However, it is unlikely that those CEOs may really affect Trump’s decision since US businessmen including the said American CEOs have lobbied hard in vain quite extensively for a long time.

What then has Xi told US CEOs in the summit since it is useless for the CEOs to make Trump change his mind at the last minute?

Tell them China will drive them home or make things hard for their enterprises in China?

Soldiers can fight with emotion in war but commanders must fight with wisdom instead of emotion.

I do not know what Xi said to them. What I know is that Xi is stupid if he boycotts or makes things difficult for the CEO’s US enterprises in China.

Trump is enacting a law to make it impossible for Chinese to take significant shares in US enterprises in order to prevent China from getting US technology. Now, those companies with US technology have already been in China so that China need not pay a penny to take shares in them. As far as I know most American enterprises in China are joint ventures in which China has substantial shares. Therefore, according to Chinese official media, Xi, instead, tell US CEOs China will open wider to them to encourage their investment in China.

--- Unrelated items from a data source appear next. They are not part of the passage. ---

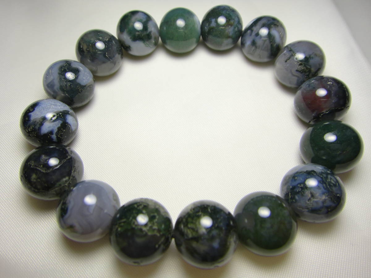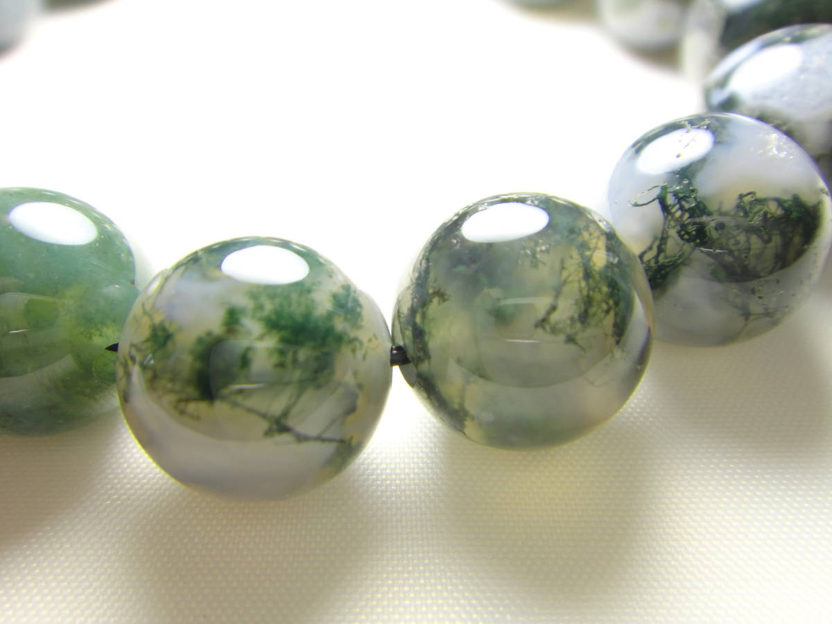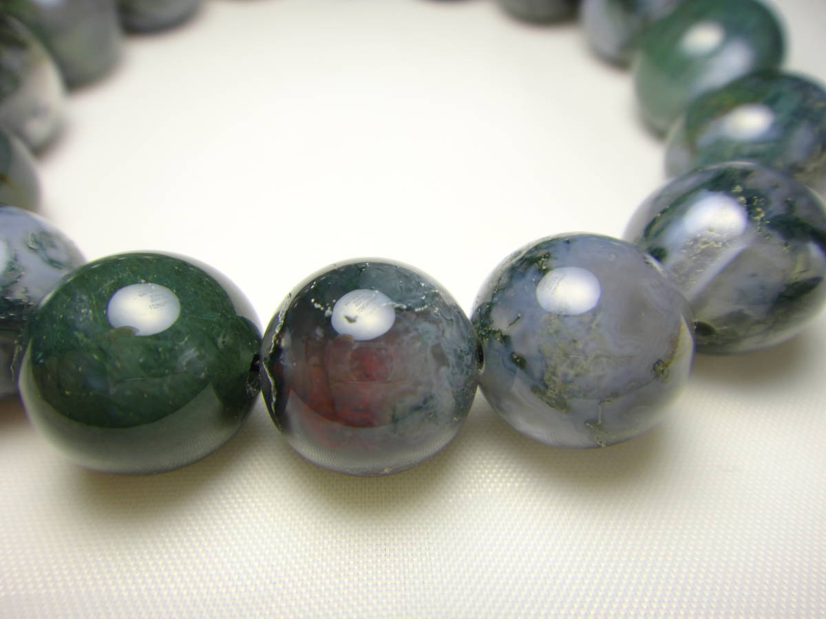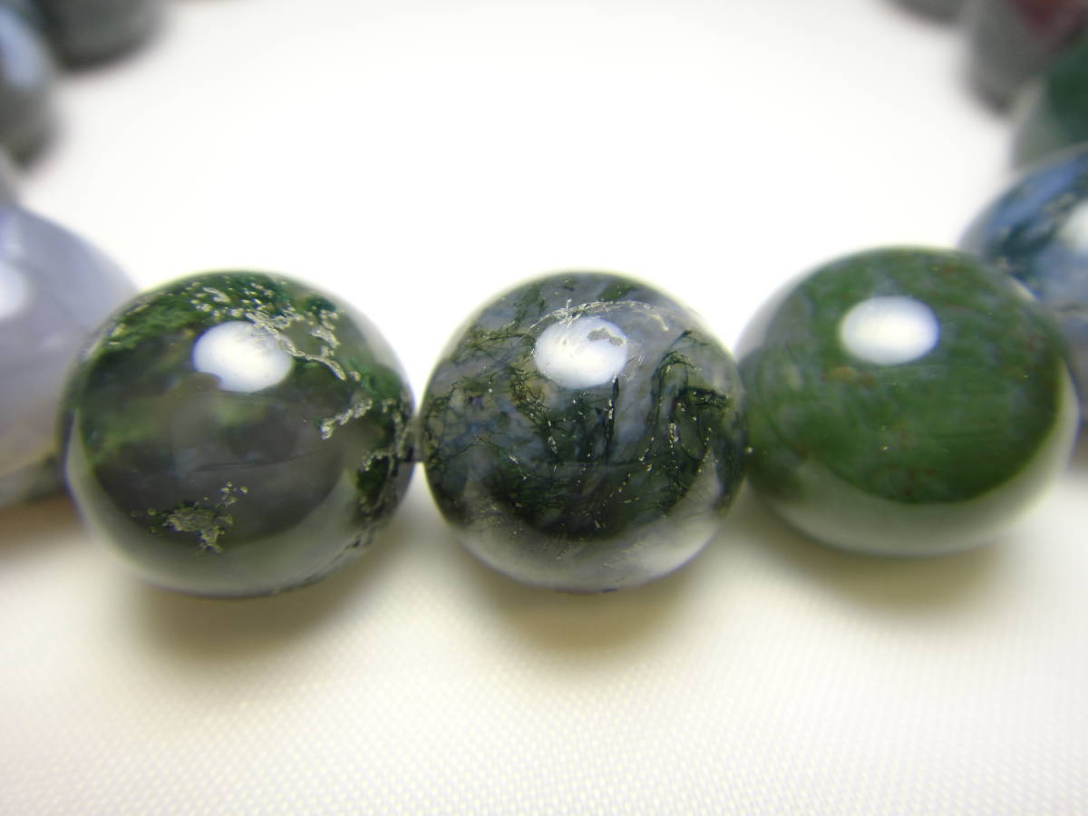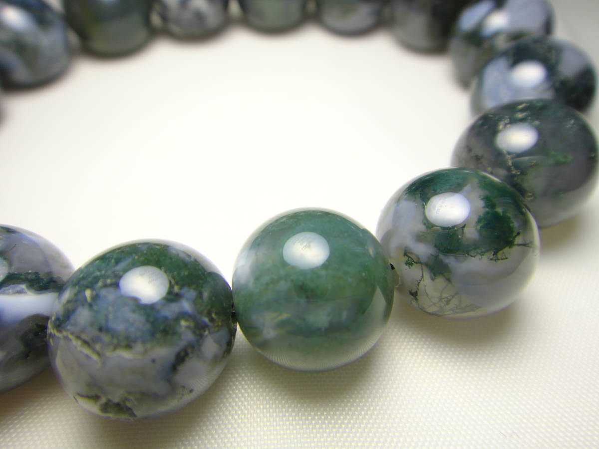 天然石 モスアゲート 約12~12.5㎜玉 大玉! ブレスレット Y214
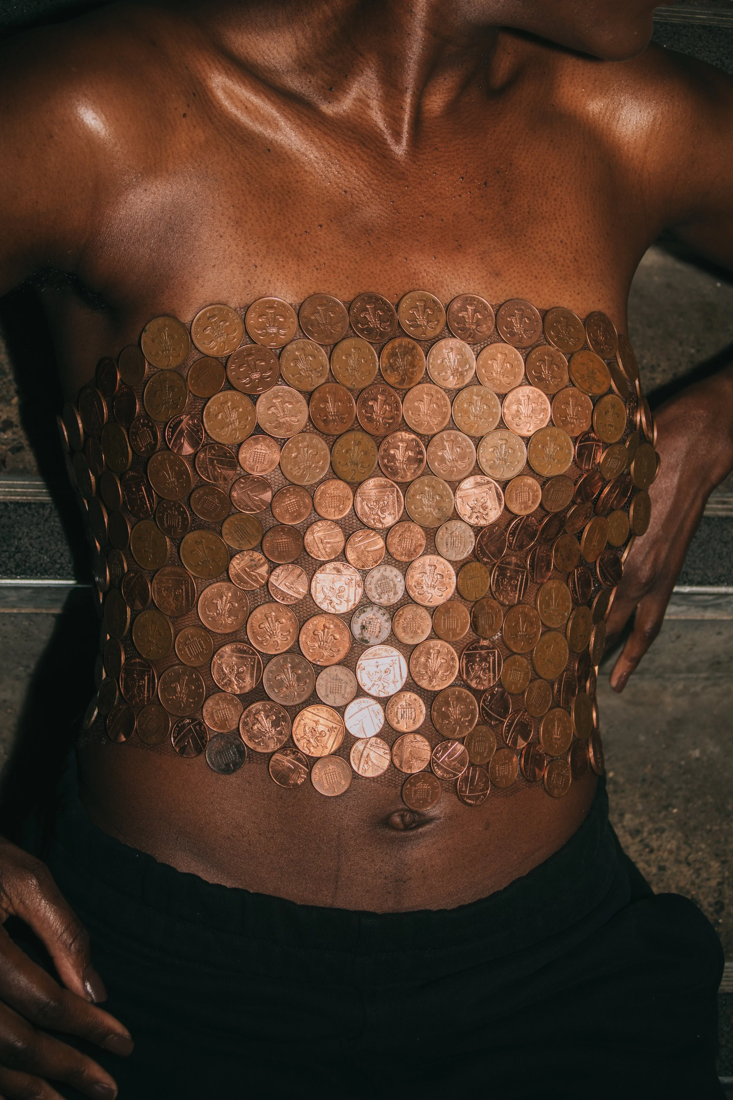 Inspired by tough times, the pennies armour represents the little protection women have when they have very little money. Weak, fragile and barely enough to shield her body from outside harm, this piece was made to show that fragile vulnerability through wear.
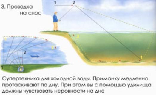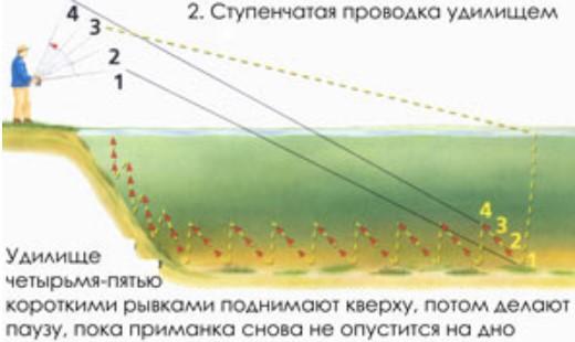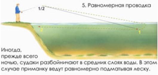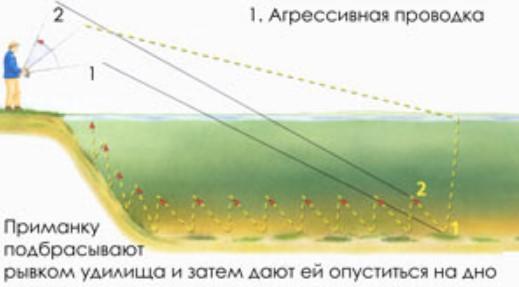 Это достигается опусканием удилища в горизонтальное положение. Не забывайте при этом подматывать леску, чтобы постоянно иметь контакт с приманкой. Такая техника проводки успешна всегда, когда рыба особенно активна. Если вода прозрачная II температура ее выше +15°С, ловите судака, щуку и окуня именно таким способом. Однако в темное время суток, при глубокой и мутной воде эффективность такой проводки снижается.
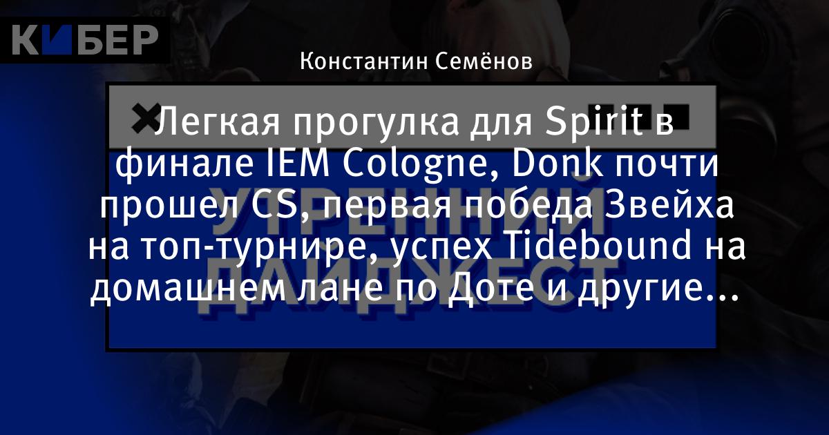 Легкая прогулка для Spirit в финале IEM Cologne, Donk почти прошел CS, первая победа Звейха на топ-турнире, успех Tidebound на домашнем лане по Доте и другие новости утра
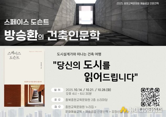 충청북도교육청 직속기관 중원교육문화원(원장 배상근)은 교육공동체 구성원들의 인문적 소양과 예술적 감수성을 높이기 위해 운영중인 문화교육 프로그램 '예술공감 인문산책'의 10월 강연 수강생을 선착순 모집한다고 전했다.
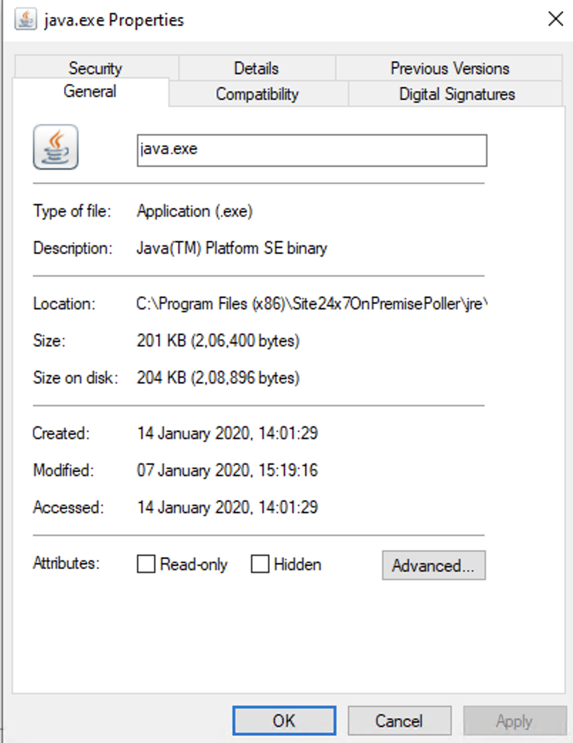 6. 保存先がC:\Program Files (x86)\Site24x7OnPremisePoller\jre\binかどうか確認します。
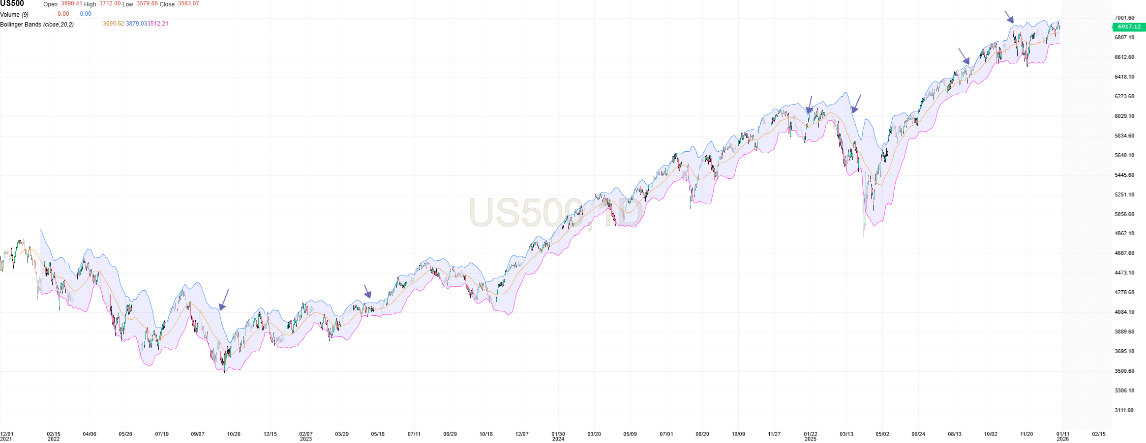 Interessante, olhando para o SP500 diria que não há grande correlação entre volatilidade e tendência. Isto a olho de carpinteiro.
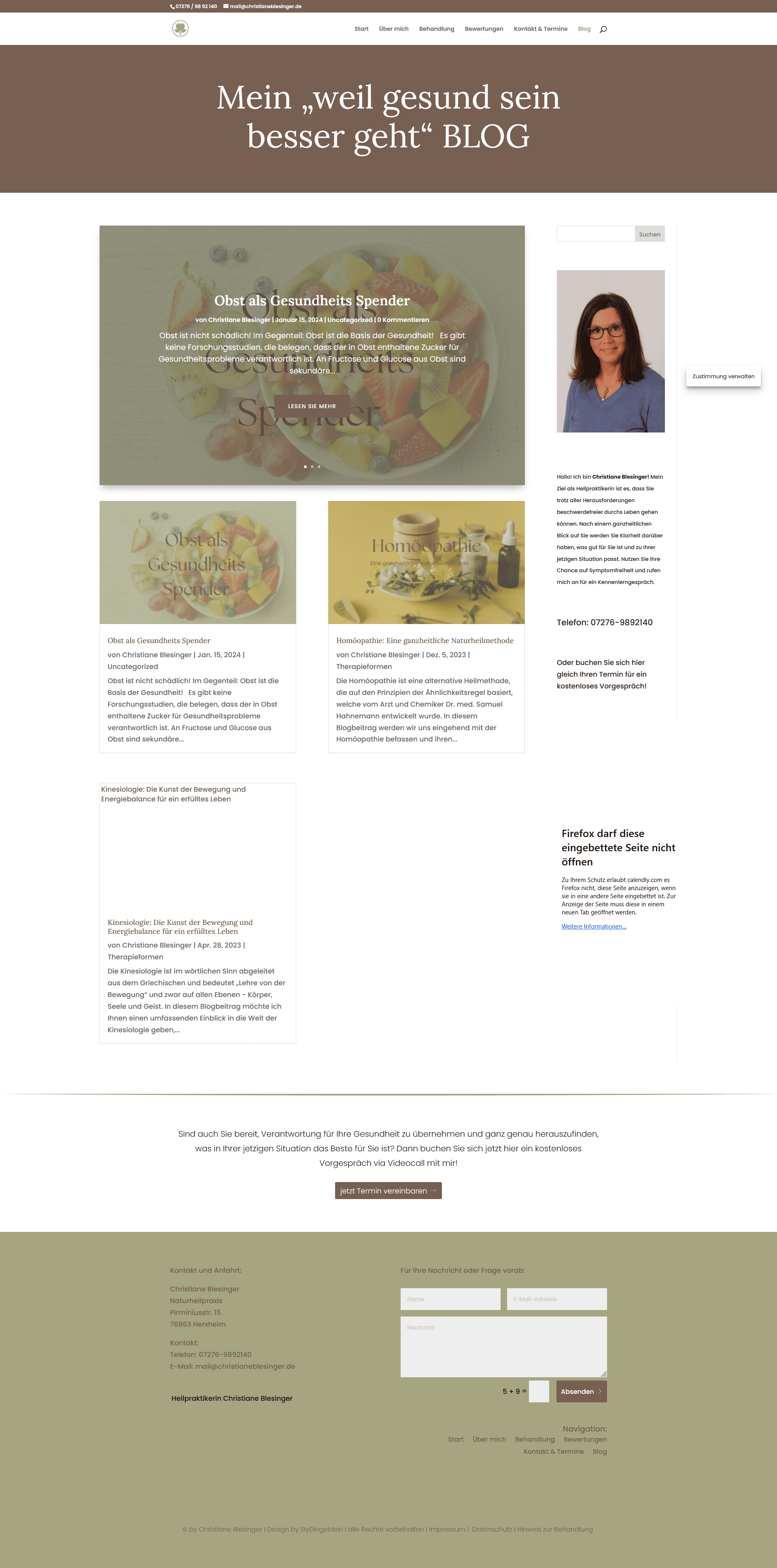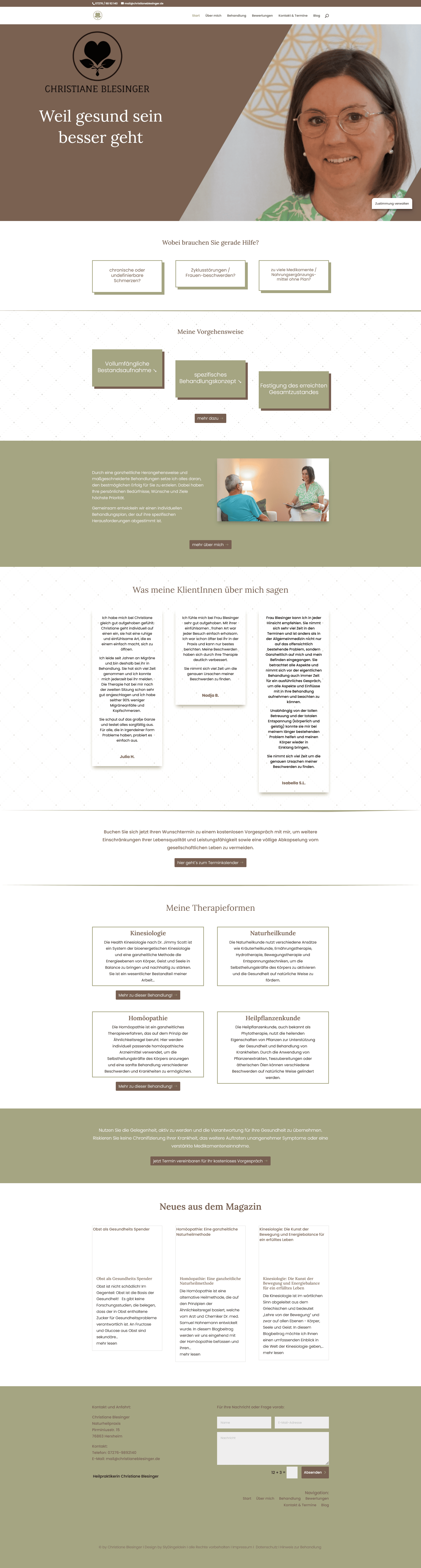 Christiane Blesinger ist Heilpraktikerin. Ihre alte Website war technisch und optisch überholt, hat keine Anfragen gebracht und hat sich nicht nach ihr angefühlt. Ziel war ein neuer Auftritt, der Vertrauen aufbaut und mehr KlientInnen anzieht – ohne Technik-Stress.
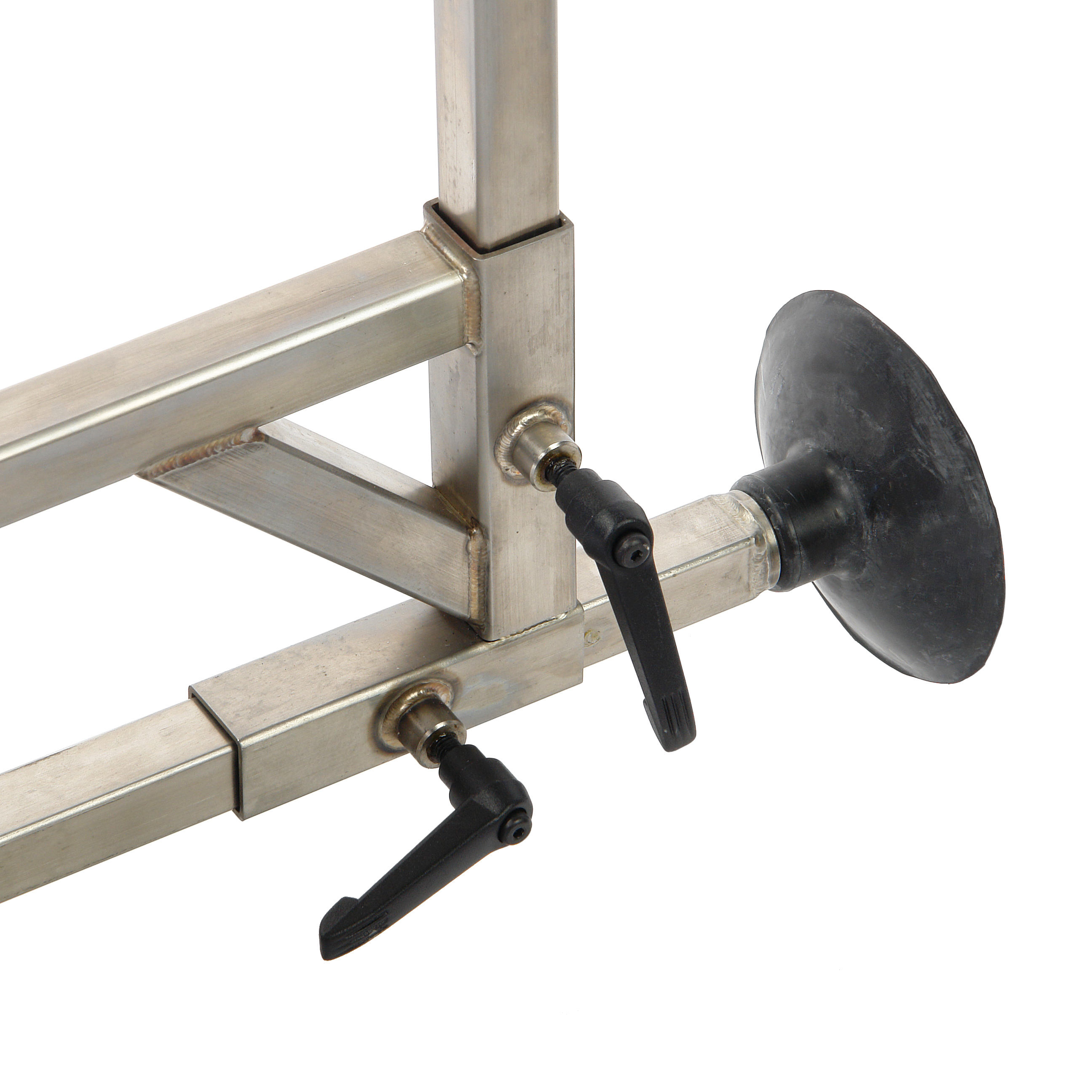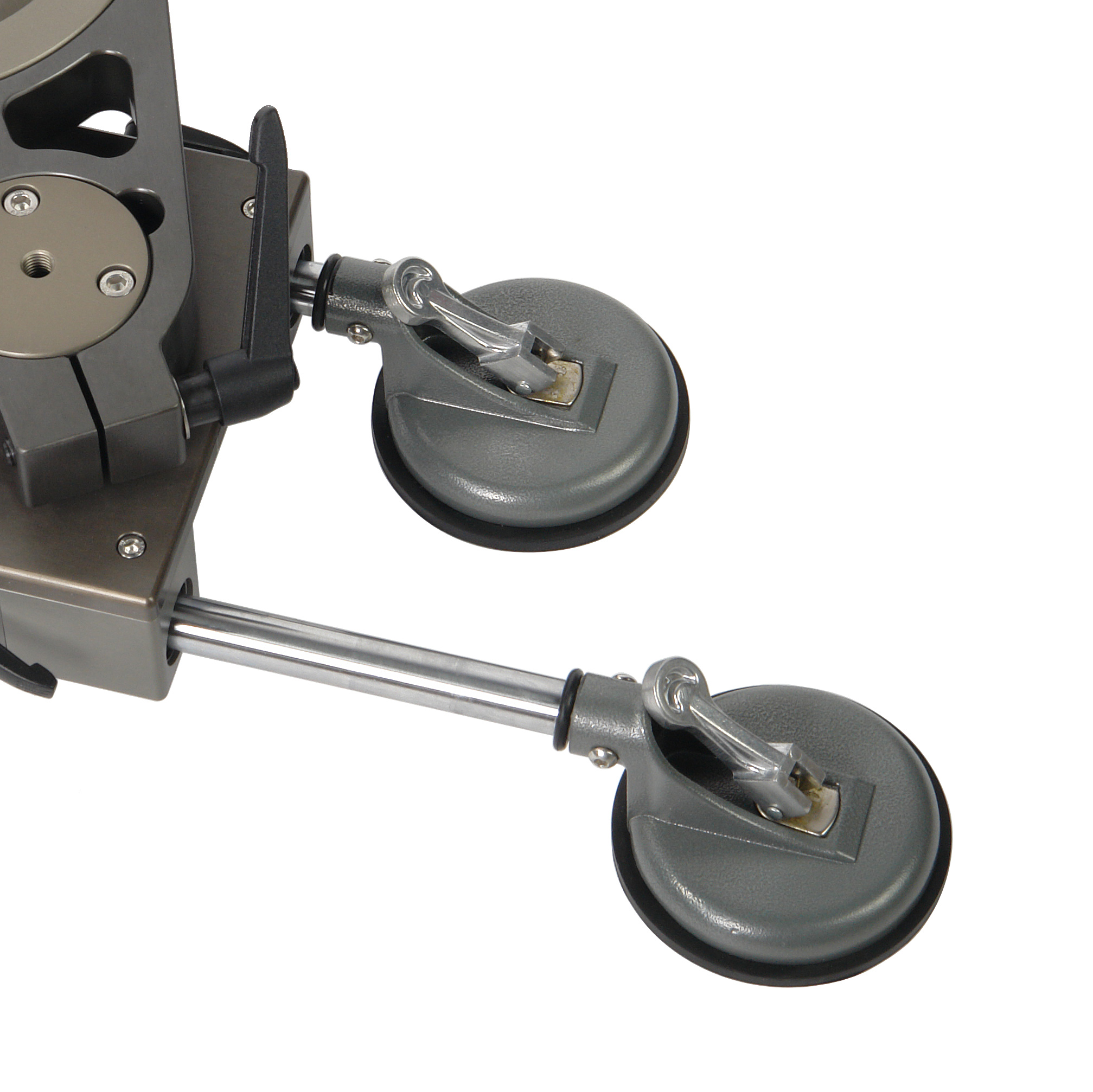 Для балансировки камеры конструкция регулируется - для этого оба держателя присосок независимо друг от друга перемещаются внутри корпуса и каждый надежно фиксируется винтовым зажимом. Для нахождения подходящей точки съемки камера, установленная на штативную головку, может вращаться вместе с шаровой базой, которая также закрепляется винтовым зажимом с крупной переставной регулирующей ручкой.

That will be the wise way to fight trade war.

Trump has reduced tax to encourage US entrepreneurs to withdraw their investment from China and invest instead in the US to enjoy the tax reduction. Some big American companies do have plans to set up new plants in the US to provide jobs for American people.

That is the aim of the tax reduction. Is China wise in driving US investment back to the US so as to increase jobs in the US and reduce jobs in China?

China shall impose high tariffs on the goods that those CEO’s enterprises produce in the US. That will make their export to China unprofitable so that they will not be able to enjoy income tax reduction

China shall say sorry to them that the high tariffs though make them suffer are not directed at them. China is forced to increase tariffs as retaliation. Otherwise China will be humiliated.

That will be the frontal engagement in the trade war.

The ingenious surprise move is that China shall tell them to move to China their production for export to China. That will reduce US jobs and tax income while increasing Chinese jobs and tax income. It will hurt the US and benefit China.

China shall regard US enterprises in China as Chinese ones and China’s precious assets and powerful weapons in fighting the trade war with the US. Therefore, China shall provide preferential treatment for them to transfer their production to China.

There is another way to benefit US enterprises in China, which will benefit China as they are Chinese enterprises and hurt the US more severely. My wise readers can guess that from the above-mentioned ingenious surprise move so that I will not elaborate.

I am afraid that revelation of China’s ingenious moves may make such moves lose surprise but it may perhaps stop the trade war when US decision makers have learned from the description of the moves that there is no hope for them to win the trade war. However, I doubt US officials may read my posts and make decisions on the basis of my posts as my posts are not widely read.